- [Task]: Print out the data that follows exactly, character for character, apart from the pictures.

- [Supplied data]:
..............................
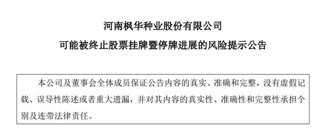 楓華種業(yè):公司股票存在被終止掛牌的風險
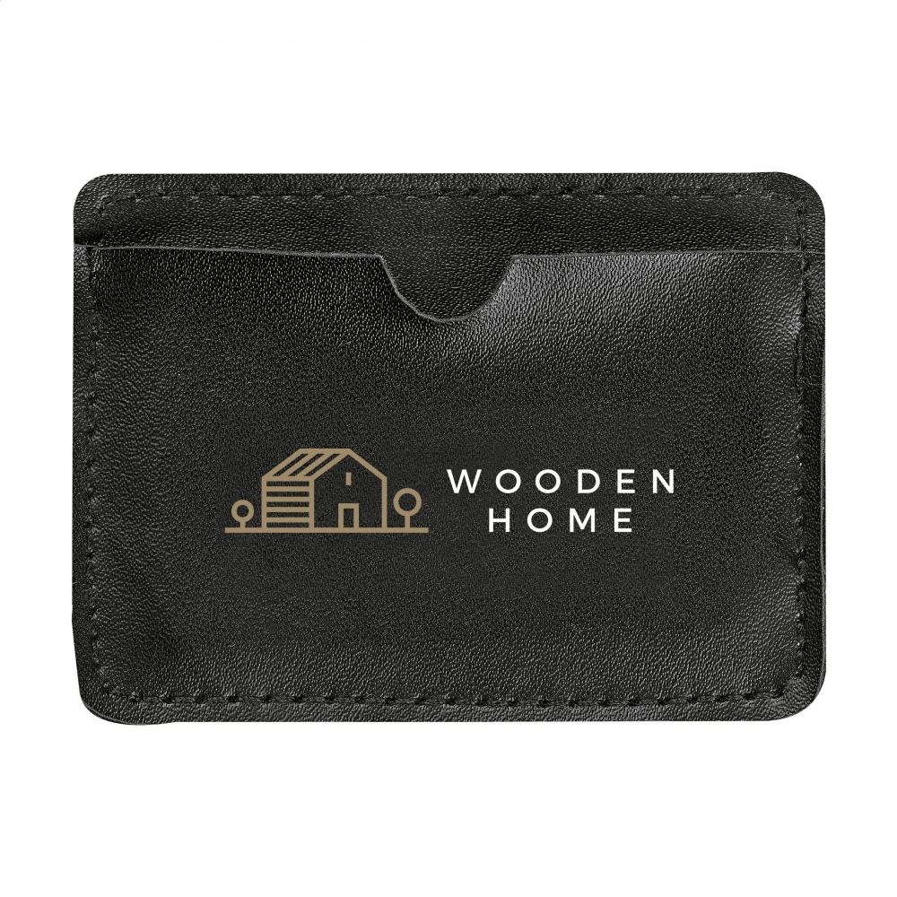 Edel-Shopping Schlüsselanhänger mit Einkaufswagenlöser und markantem PU-Etui für große Werbedrucke VPE 500. Designkarte
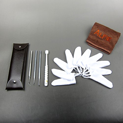This set comes with 3 piece tarter scraper and remover: 1 scraper, 2 scaler. Each measures 6" long, a 360-degree toothbrush is 6" long, 10 finger gloves measures 3.5"L x 1.5"W, a microfiber towel and a storage pouch
..............................
- [Completed exercise]:
 楓華種業(yè):公司股票存在被終止掛牌的風險
 Edel-Shopping Schlüsselanhänger mit Einkaufswagenlöser und markantem PU-Etui für große Werbedrucke VPE 500. Designkarte
This set comes with 3 piece tarter scraper and remover: 1 scraper, 2 scaler. Each measures 6" long, a 360-degree toothbrush is 6" long, 10 finger gloves measures 3.5"L x 1.5"W, a microfiber towel and a storage pouch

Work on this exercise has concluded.